Fui até a área onde estavam os adolescentes. O lugar era bonito e limpo. Já estavam no
recreio e havia muitos pequenos grupos, a maioria dividida por sexo. As meninas eram mais
carinhosas umas com as outras, enquanto alguns rapazes se empurravam e conversavam com
as mãos nos bolsos.
Vi alguns adolescentes com fones de ouvido, em uma só orelha. Conversavam também
com seus pares.
Nesta primeira observação encontrei apenas 3 estudantes manipulando o aparelho
celular. Fixei-me em uma menina que estava próxima a mim. Ela era magra, de estatura
média, cabelos pretos presos em um rabo-de-cavalo. Havia uma colega com ela, mais alta, de
cabelo solto e também tinha um grupo misto próximo a elas. Elas conversavam ao mesmo
tempo em que a menina de cabelos presos manipulava o aparelho. Pela maneira como usava o
celular parecia que estava enviando uma mensagem, pois digitava bem compenetrada no
aparelho móvel.
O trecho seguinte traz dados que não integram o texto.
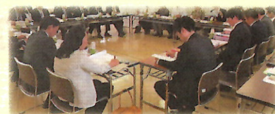
居住支援協議会の会議

転居を検討されている高齢者や障がいのある方などを対象に、民間賃貸住宅の物件情報や居住支援サービスの提供を行い、賃貸住宅への入居をお手伝いしています。
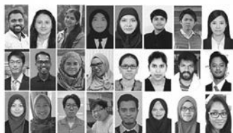
発表した学生さんたち
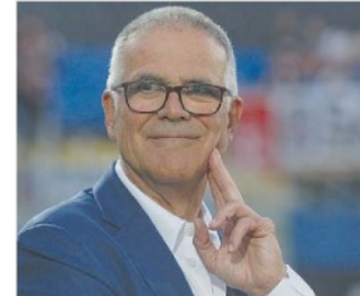
Paolo Zangrillo, Forza Italia
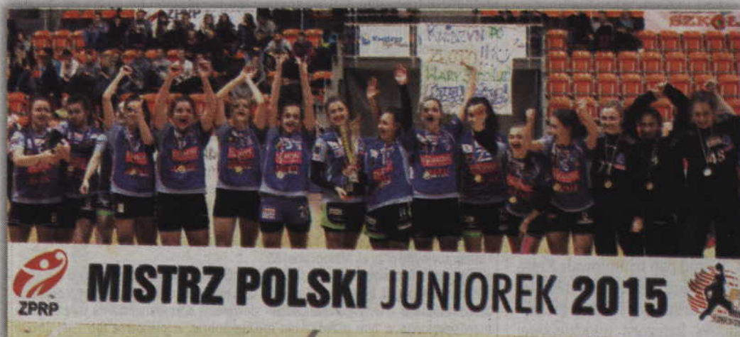
Radości nie ukrywały natomiast złote piłkarki Ruchu.

Volta e meia olhava para a amiga e dialogavam, como também baixava a
cabeça e se compenetrava no manuseio do aparelho. O primeiro sinal tocou. A amiga saiu de
perto e ela continuou atenta ao que estava fazendo.
Os adolescentes ali presentes no pátio interagiam uns com os outros. Não me chamou
a atenção que houvesse alguém isolado.